Toplam 20 kadın, 25 Eylül-2 Ekim tarihlerinde Çanakkale Troya Kültür Rotası’nı yürüdü. Tanrıça Athena’dan ilham alarak, kadını yeniden gücüyle bağlantıya geçirecek olan doğada olma ihtiyacına dair farkındalığı arttırmayı hedefleyen ve aksiyona geçmeye davet eden bu yürüyüş hakkında; yolculuğun ilham kaynağı olan yoga ve farkındalık eğitmeni Şaylan Yılmaz ile özel bir söyleşi gerçekleştirdik. Keyifli okumalar…
-Öncelikle bize kendinizden biraz bahsedebilir misiniz? Şaylan Yılmaz kimdir?
Şaylan Yılmaz dört duvar arasında zor oturan biridir 🙂 Başının üzerinde gökyüzü, yüzünde rüzgar, burnunda deniz ya da orman kokusu olmadı mı buralara varmak için elinden geleni yapan biridir. Çünkü çocukluğum adımımı attım mı doğayla kucaklaştığım köyde geçti. Ailem çiftçi. Ağaç tepelerinde uyuyarak, komşunun kuzularını biberonla besleyerek büyüdüm.
Mizaç herhâlde biraz da… Hareketli bir çocuğum diye ailem biraz büyüyünce jimnastik sporuna başlattı. Sonrasında hayattaki seçimlerim hep doğa ve bedensel hareketin bir arada olduğu, iç gözleme dayalı keyifli bir açık hava yolculuğuna dönüştü. Üniversite dönemimde dalış, dağcılık, paraşüt ve planör girdi hayatıma. Sonrasında yoga ve farkındalık hem hayatım hem mesleğim oldu. Yaşım ilerledikçe ekstrem sporlar yerine doğayı daha dingin bir biçimde dinleyebildiğim doğa yürüyüşlerine yöneldim. Truva’dan Assos’a 120km. yürüyecek kadar az extrem bir hale gelmişim 40 senede anca 🙂 Dedim ya biraz da mizaç sanırım.
-‘Athenalar Yürüyor’ projesi kafanızda nasıl canlandı? Ve neden Tanrıça Athena’dan ilham aldınız?
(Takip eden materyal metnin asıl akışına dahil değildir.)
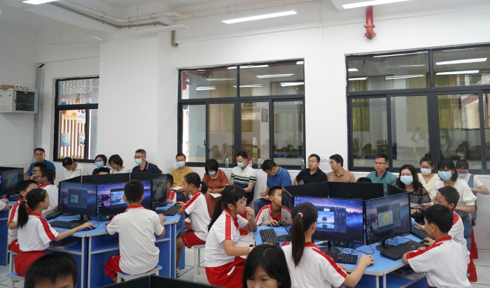 本次韶关行的重磅议程之一是送教活动。在南雄市黎灿学校和南雄市永康路道平小学,中山教研基地的三位教师为两个基地成员和南雄市信息技术教师呈现了三节精彩的现场送教课例,中山、韶关两市的信息技术教师通过线上方式进行课例观摩,远赴潮州支教的信息技术教师也积极参加研讨,线上观摩人数达两千多人次。
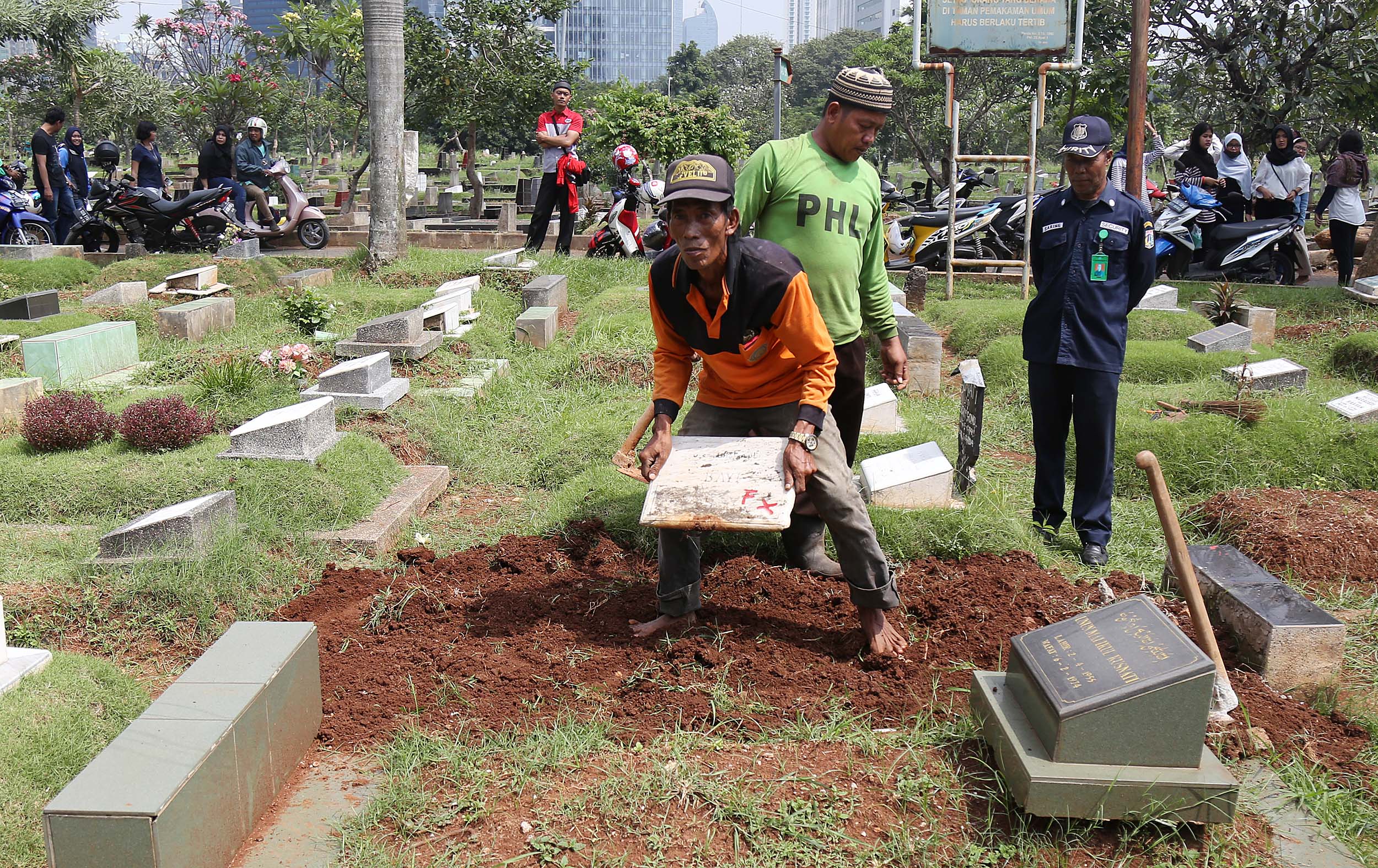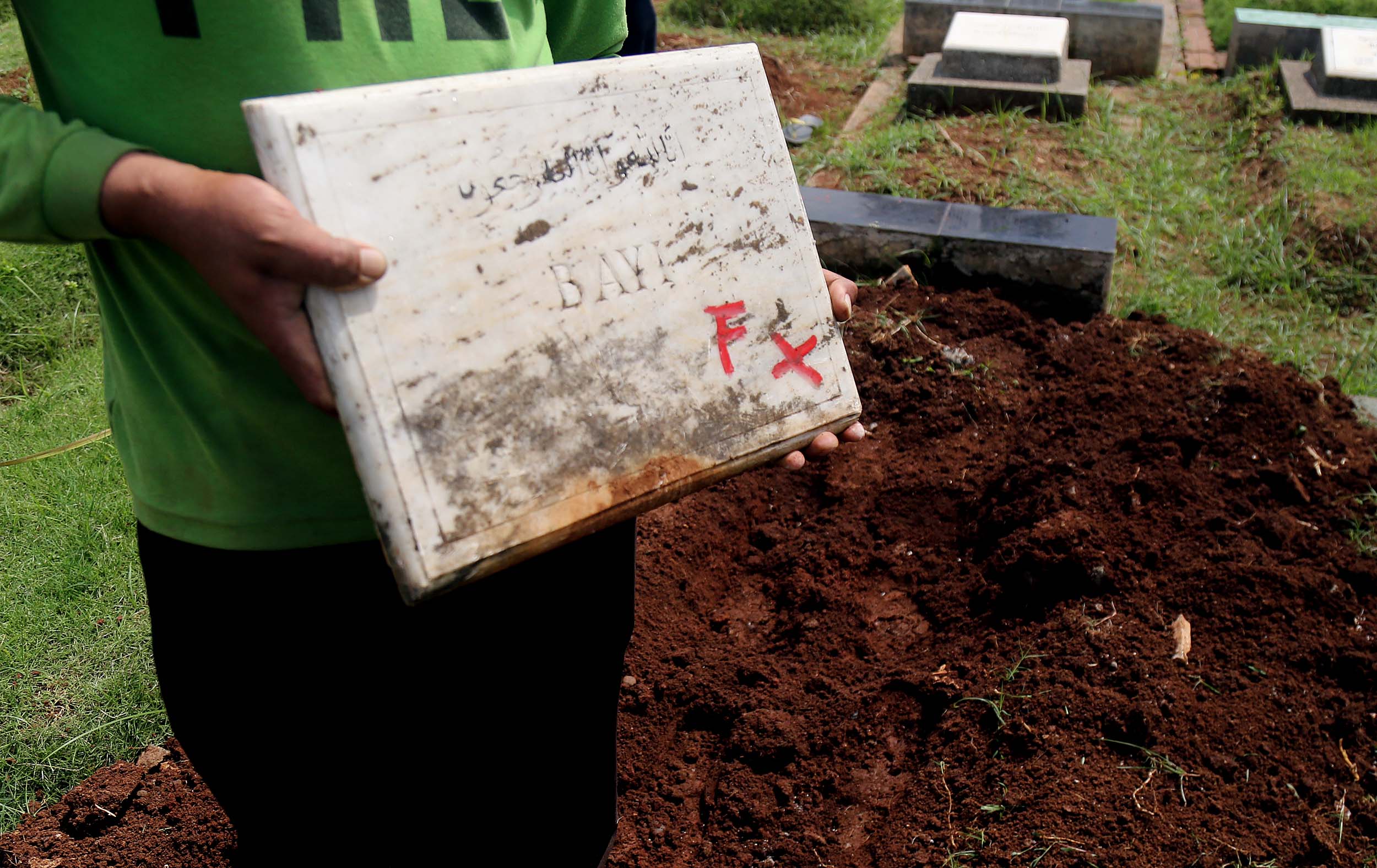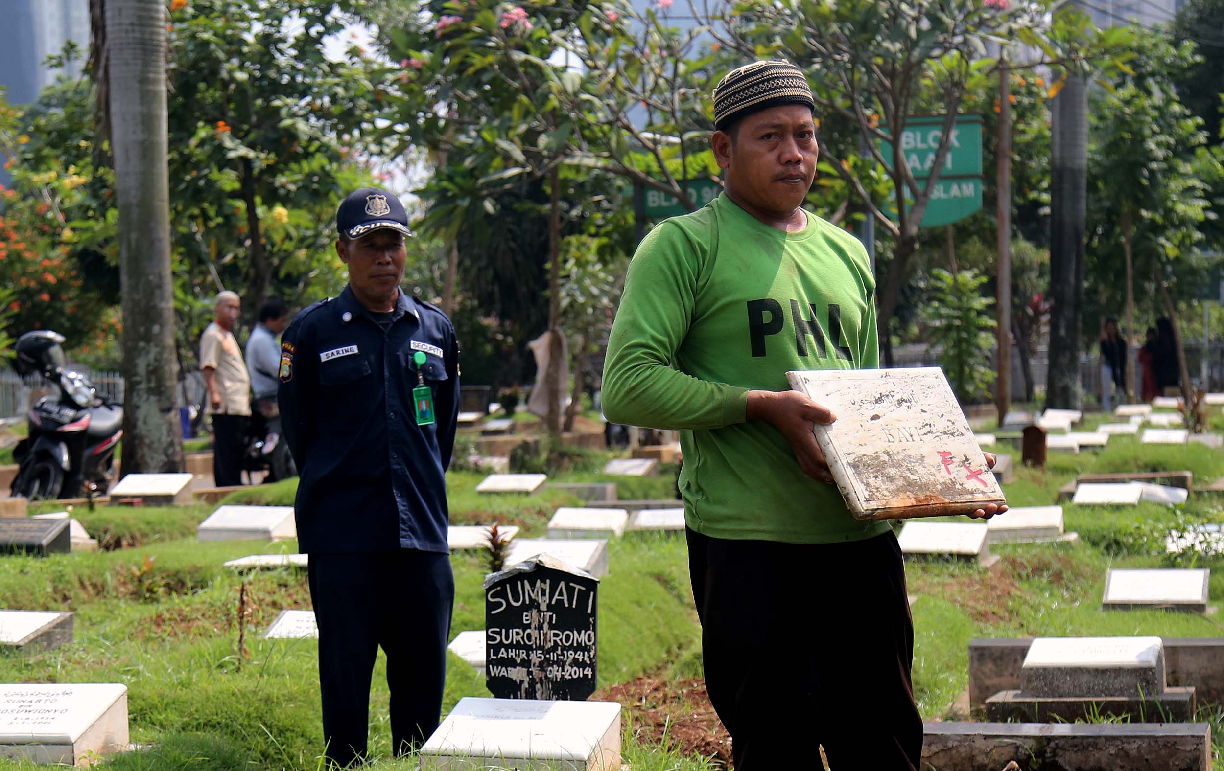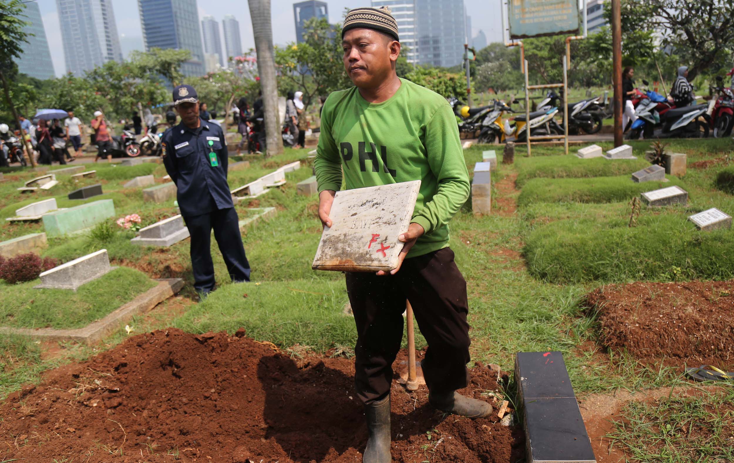 Petugas PHL membongkar sebuah makam fiktif dengan batu nisan bertuliskan BAYI di Taman Pemakaman Umum (TPU) Menteng Pulo, Jakarta Selatan, Kamis (28/7/2016). Makam fiktif Diresmikan di TPU Menteng Pulo dengan ciri batu nisan bertuliskan BAYI. 11 makam fiktif berada di beberapa blok di Menteng Pulo. Salah satu berada di blok AA I unit Islam di TPU Menteng Pulo.

Pandemi döneminde evde durmak yerine arabamla ve çadırımla kuzey Ege’den başlayarak Türkiye sahillerini dolaşmaya niyet ederek yola çıktım hikayenin en başında. Yolculuğunun birinci haftasında Çanakkale’ye vardığımda Troya Müzesi’ni gezerken Troya Kültür Rotası’nın broşürü geçti elime. Hani filmlerde olur ya, birinin başına “rastlantısal” bir iş gelir ve tüm hayat akışı değişir. O an farkında olmasam da işte bana da öyle oldu. Broşürü okuduğunun hemen ertesi günü bir arkadaşımla birlikte rotayı yürümeye başladık. Muhteşem bir yolculuktu gerçekten. Gece çadırda konaklayıp gündüz antik şehirlerin içinden yürüyerek yol aldığımız muazzam keyifli bir kaç gün geçirdik. Rotayı henüz tamamlamamıştık ki arkadaşımın gitmesi gerekti. Ben de tek başıma yürümeye devam ettim. Ancak köylerden birinde sözlü tacize uğradım. Korktum. Güvenliğimden endişe ettim. Ve yürüyüşü durdurma kararı aldım. O güne kadar tüm yolculuğumu paylaştığım gibi bu başına geleni de sosyal medyadan anlattım. İki gün gözyaşları ve öfke içinde oturdum kaldım. Neden ben sadece kadın olduğum için doğada özgürce yaşayamıyorum? Bu soru beni doğaya olan ihtiyacıma uyandırdı. Akabinde bir yazı yayınladım yine sosyal medyada kadınlara hitaben. “Ben tek başıma yürüyemiyorum. Sizden gelen mesajlarda görüyorum ki, istemenize rağmen siz de yürüyemiyorsunuz. Haydi gelin hep birlikte yürüyelim” dedim. Türkiye’nin her yanından mesajlar yağdı bu mesajın üzerine. Doğa ve kampçılık deneyimi olanları telefonda ön görüşmelerle seçip grubumuzu oluştursun. Athenalar Yürüyor bu şekilde doğdu.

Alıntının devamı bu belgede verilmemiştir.